You will train on each $64 \times 64$ crop separately. You can create crops by starting at a randomly chosen position $(i,j)$, with $j>i$ and then generating all tiles with a stride of 64 for non-overlapping crops (or 16 or 32 if you want to have overlaps between crops); this also assumes that the input tensor has been zero padded as appropriate. You should restrict $i$ and $j$ to be within the first 64 entries (after zero-padding) along each dimension, to generate crops that cover the entire protein. In particular, different epochs should start at different $(i,j)$ positions for the same protein. After predicting the distances for the crops, you will compare with the true distances for that crop only. You will first need to discretize the distances between $2-22 A^\circ$ into 64 equal bins, with the last bin denoting distances greater than 21.6875 $A^circ$, since each bin has width $20/64 = 0.3125$. Thus, you have a total of 64 different distance symbols. Then you can use cross-entropy loss on the predicted probabilities and true distance symbols. The second head will directly predict the phi,psi angles per position, discretized into 1296 bins.
You can monitor the predictions on the validation set for hyperparameter tuning or early stopping in terms of loss.
For testing you should report the loss, but also the accuracy of contact prediction. That is, a pair $(i,j)$ is in contact if the true distance is below $8A^\circ$. So, for each test sequence, you should sum up the probabilities in the bins corresponding to the "symbols" in the range $2-8A^\circ$, and if that is over 0.5 then you can predict that pair to be in contact. You can then report the accuracy for short, medium and long range contacts in terms of distance in the sequence.

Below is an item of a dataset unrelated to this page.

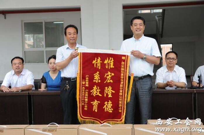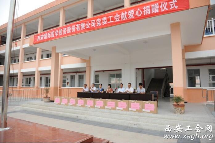 六一前夕,由西安市財貿(mào)工會、西安市教科文衛(wèi)工會和西安國際醫(yī)學(xué)投資股份有限公司聯(lián)合發(fā)起的“真情牽手、愛心助學(xué)”捐贈活動在戶縣蔣村鎮(zhèn)甘西小學(xué)進行。

Short is defined as $6 \le |i-j| \le 11$, medium as $12 \le |i-j| \le 23$ and long as $|i-j| \ge 24$. In each category, you should report the accuracy for the top $L$, $L/2$ and $L/5$ predictions, where $L$ is the sequence length. Finally, you should average the accuracy in each range over all of the test protein and report that number.

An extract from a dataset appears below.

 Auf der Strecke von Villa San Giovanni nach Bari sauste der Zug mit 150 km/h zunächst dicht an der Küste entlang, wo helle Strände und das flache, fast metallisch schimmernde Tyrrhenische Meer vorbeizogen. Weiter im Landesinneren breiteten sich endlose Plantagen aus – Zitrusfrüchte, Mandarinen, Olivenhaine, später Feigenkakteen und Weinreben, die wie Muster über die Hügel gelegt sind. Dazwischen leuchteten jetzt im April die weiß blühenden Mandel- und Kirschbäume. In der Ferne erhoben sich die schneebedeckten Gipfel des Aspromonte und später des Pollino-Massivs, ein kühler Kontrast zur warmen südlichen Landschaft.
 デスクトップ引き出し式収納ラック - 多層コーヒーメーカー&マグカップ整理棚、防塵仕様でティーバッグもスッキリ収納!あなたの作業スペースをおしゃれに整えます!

Note: accuracy (or precision) is defined as: TP/(TP+FP), where TP is the number of true positives and FP is the number of false positives. TP means that the predicted and true contacts agree on a pair, and FP means that you predict a contact, whereas there is no true contact for that pair. Also, if there are fewer than L (or L/2 or L/5) try contacts, you should use only the true number when evaluating the metrics, e.g., if $L=100$ but there are only 90 true contacts, then report results only for top 90 (not top 100), and so on.
So for any L/k value, first find your top L/k predictions and find the number of correct L/k predictions. Next divide that by L/k. Since there is a chance for fewer than L/k true contacts, esp for long range, do the following:
Accuracy for L/k: denom = min(L/k, #of true contacts in group -- short, medium, long) sort predictions in decreasing order and select top denom preds num correct= how many of your preds are true/correct accuracy @ L/k: num correct / denom
Submission
Submit you notebook (or python script) via submitty, along with an output file (txt/pdf) that summarizes the results of your method in terms of training and testing accuracy values. If submitting a notebook, results can be part of the notebook. You should report test loss, and contact map accuracy for CASP7 (if interested, do CASP12 too).
You may want to use multiple GPUs to speed up your training, using the DCS cluster.